Note that our code recreates the `numpy.polyfit` result when we choose the two-norm. Note also that we get slightly different results when we use the one-norm or the max-norm.

These results are all equally valid. The fact that `numpy.polyfit` implements the two-norm without giving us the ability to change the norm highlights that so-called "least squares" fitting is by far the most common approach, but there may be situations where the other norms are beneficial.

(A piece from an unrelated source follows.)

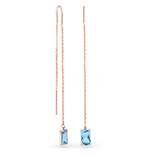 Серьги-продёвки из красного золота 585 пробы с натуральными голубыми топазами swiss элегантной формы огранки подчеркнут женственность и очарование владелицы. Утонченные серьги-цепочки с изумительным сиянием лазурных топазов - универсальная модель, будет удачным выбором как для повседневного ношения, так и для праздничного образа. Приобретайте серьги в подарок выгодно в магазинах Мир Золота.

Let's see what happens when we perturb a single entry - this is motivated by a situation where maybe one of our sensors failed and gave a spurious result.

In [None]:
# perturb one of the entries - imagine it's corrupted or subject to major measurement error

yi[8] = 2.

degree = 1
poly_coeffs = np.polyfit(xi, yi, degree)
p1 = np.poly1d(poly_coeffs)

# set up figure
fig = plt.figure(figsize=(10, 10))

# polyfit line
ax = fig.add_subplot(221)
ax.margins(0.1)
x = np.linspace(0., 1, 100)
ax.plot(x, p1(x), 'b', label=r'$y = {0:.4f}x+{1:.4f}$'.format(poly_coeffs[0], poly_coeffs[1]))
plot_raw_data(xi, yi, ax)
ax.legend(loc='best', fontsize=14)
ax.set_title('polyfit  linear best fit line', fontsize=12)
# print out the error
print('error in RMS case: ', sl.norm(yi - p1(xi)) / np.sqrt(len(yi)))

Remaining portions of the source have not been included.